### TASK DETAILS
Leaving out all pictures, return the records word for word.

**** DATA FOR ANALYSIS ****

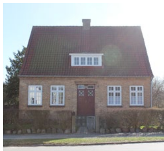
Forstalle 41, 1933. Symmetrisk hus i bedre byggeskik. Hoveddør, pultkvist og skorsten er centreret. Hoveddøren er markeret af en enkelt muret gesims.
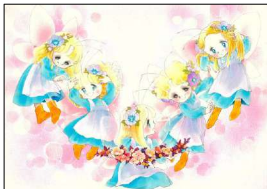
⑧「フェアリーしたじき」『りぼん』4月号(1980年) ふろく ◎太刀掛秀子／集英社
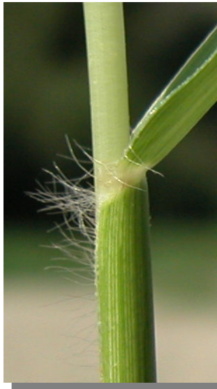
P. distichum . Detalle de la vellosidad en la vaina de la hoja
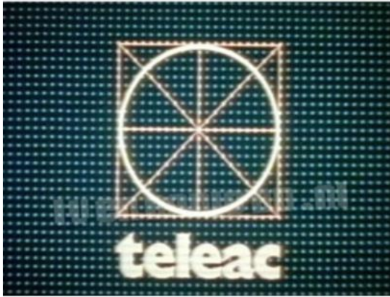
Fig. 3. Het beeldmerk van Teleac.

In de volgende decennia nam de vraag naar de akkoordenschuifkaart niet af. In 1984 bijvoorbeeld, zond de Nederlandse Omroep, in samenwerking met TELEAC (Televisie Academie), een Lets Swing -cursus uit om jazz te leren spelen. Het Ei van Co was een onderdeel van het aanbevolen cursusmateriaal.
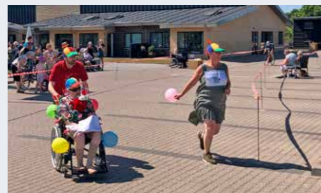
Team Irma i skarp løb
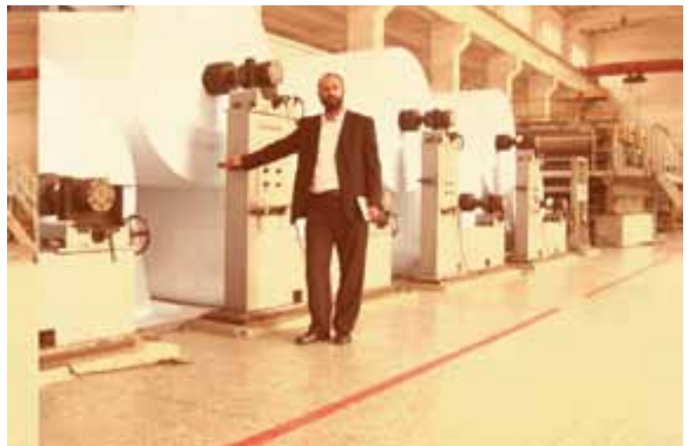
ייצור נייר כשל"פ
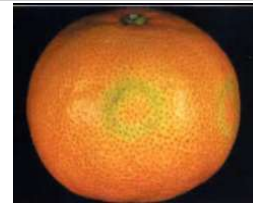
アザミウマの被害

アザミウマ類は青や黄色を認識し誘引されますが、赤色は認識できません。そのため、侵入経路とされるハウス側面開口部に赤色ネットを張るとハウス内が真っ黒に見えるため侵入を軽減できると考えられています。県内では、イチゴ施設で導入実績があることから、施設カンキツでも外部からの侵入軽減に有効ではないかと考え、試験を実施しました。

****

### EXERCISE ANSWER
Forstalle 41, 1933. Symmetrisk hus i bedre byggeskik. Hoveddør, pultkvist og skorsten er centreret. Hoveddøren er markeret af en enkelt muret gesims.
⑧「フェアリーしたじき」『りぼん』4月号(1980年) ふろく ◎太刀掛秀子／集英社
P. distichum . Detalle de la vellosidad en la vaina de la hoja
Fig. 3. Het beeldmerk van Teleac.

In de volgende decennia nam de vraag naar de akkoordenschuifkaart niet af. In 1984 bijvoorbeeld, zond de Nederlandse Omroep, in samenwerking met TELEAC (Televisie Academie), een Lets Swing -cursus uit om jazz te leren spelen. Het Ei van Co was een onderdeel van het aanbevolen cursusmateriaal.
Team Irma i skarp løb
ייצור נייר כשל"פ
アザミウマの被害

アザミウマ類は青や黄色を認識し誘引されますが、赤色は認識できません。そのため、侵入経路とされるハウス側面開口部に赤色ネットを張るとハウス内が真っ黒に見えるため侵入を軽減できると考えられています。県内では、イチゴ施設で導入実績があることから、施設カンキツでも外部からの侵入軽減に有効ではないかと考え、試験を実施しました。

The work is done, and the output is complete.